The planning of the Moody Center seems almost as casual as that of the Rice Museum and Rice Media Center, in their day. The search for its executive director did not begin until the end of 2014, at which point architectural design had been progressing for nearly two years. According to Alison Weaver, who was hired as executive director in the summer of 2015 and formally assumed her position that September, design was about 70 percent complete when she arrived. The building, at first glance, is striking and seductive — almost as if its main aim were critical recognition. Upon closer examination, however, it seems more like an exercise in form-making than an attempt to create meaningful spaces. The architects say the irregular profile of the building represents a conglomeration of the mostly long and narrow buildings on campus. In reality, the Moody Center is more like a box (in which a surprising number of offices lack exterior windows) than like one of Rice’s archetypal porous bar-like buildings. This disconnect is further emphasized by two-story “lanterns” that project from the building on several sides — suggesting, but not quite conveying, a sort of outdoor courtyard at the ground level. On the second floor, they provide mostly inaccessible open space to be viewed through windows.

Unlike Rice’s best buildings, the Moody Center does not integrate itself in any systematic way with the surrounding structures or landscape. Its closest neighbor is the adjacent Rice Media Center, which the architects have addressed with a nearly blank brick wall, in stark contrast to the mostly glazed ground level walls of its other three sides. The space between the two buildings feels like a back alley. A concrete terrace on the Moody’s western side, aligns with the front of the Media Center, stopping well short of connecting the two buildings. Sidewalks and plantings between the buildings are haphazard, and there seems to be no plan to reorganize them.

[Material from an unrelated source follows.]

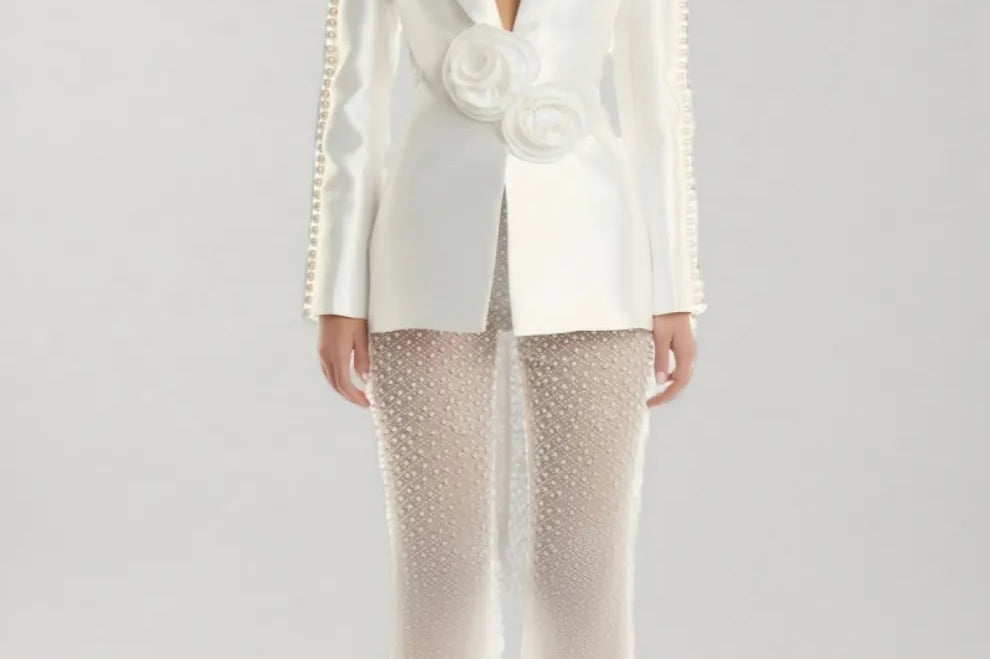 Fiorlk Beige 3D Flower Suit Two-Piece Set

The Moody Center’s next-nearest neighbor is Reckling Field, Rice’s baseball stadium. In this direction, the architects have placed loading docks. A new street cut parallel to the front of the Moody leaves an empty triangular space between it and College Way, the main internal circulation path on campus, as well as between it and the future music building. So far, it is hard to imagine that this nascent arts and culture precinct will coalesce with the rest of the campus in an architecturally resolved manner.

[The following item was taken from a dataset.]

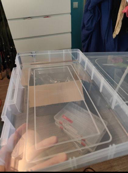 Gribēju, čoms nopirka, bet reāli nemaz tik daudz kastes nevajag, tā beigās paliku pie celtniecības skrūvju kastes (k-rautā nopērkamajām) un dziļo vannu, kur visu var ērti salikt, lai pēc copes viss ir vannās un bagāžnieks sauss! :)

When I asked the campus architect, David Rodd, how the Moody Center fits in with the campus master plan, he replied, “Rice does not have a campus master plan. Rice officially abandoned it several years ago. Rice now has a dynamic, 3-D modeling toolset that gives us the ability to iterate any number of future campus growth scenarios without committing to a static plan.” This suggests that Rice is no longer planning meaningful spaces, but rather just reacting to opportunities for expansion: The oddly disconnected Moody Center seems to embody the new attitude.

Beneath the appealing veneer of an undeniably attractive but aloof building, a series of disjointed spaces remains, spaces that fail to relate to the rest of the campus. The gulf is compounded by the Moody’s vague program, strenuously not a part of the art department, and yet tasked with bolstering its place on campus and validating the Rice administration’s perplexing decisions regarding existing arts resources.

The carefully considered master plan at Rice, whose first version was created in 1910, and which has been continuously revised, was a robust framework that guided development and led to a unified and ordered environment that just felt good, in distinct contrast to the urban mess of Houston’s sprawl. It is discouraging to think that Rice’s longtime resistance to Houstonization seems to be fading. 

Ben Koush, AIA, is an architect in Houston.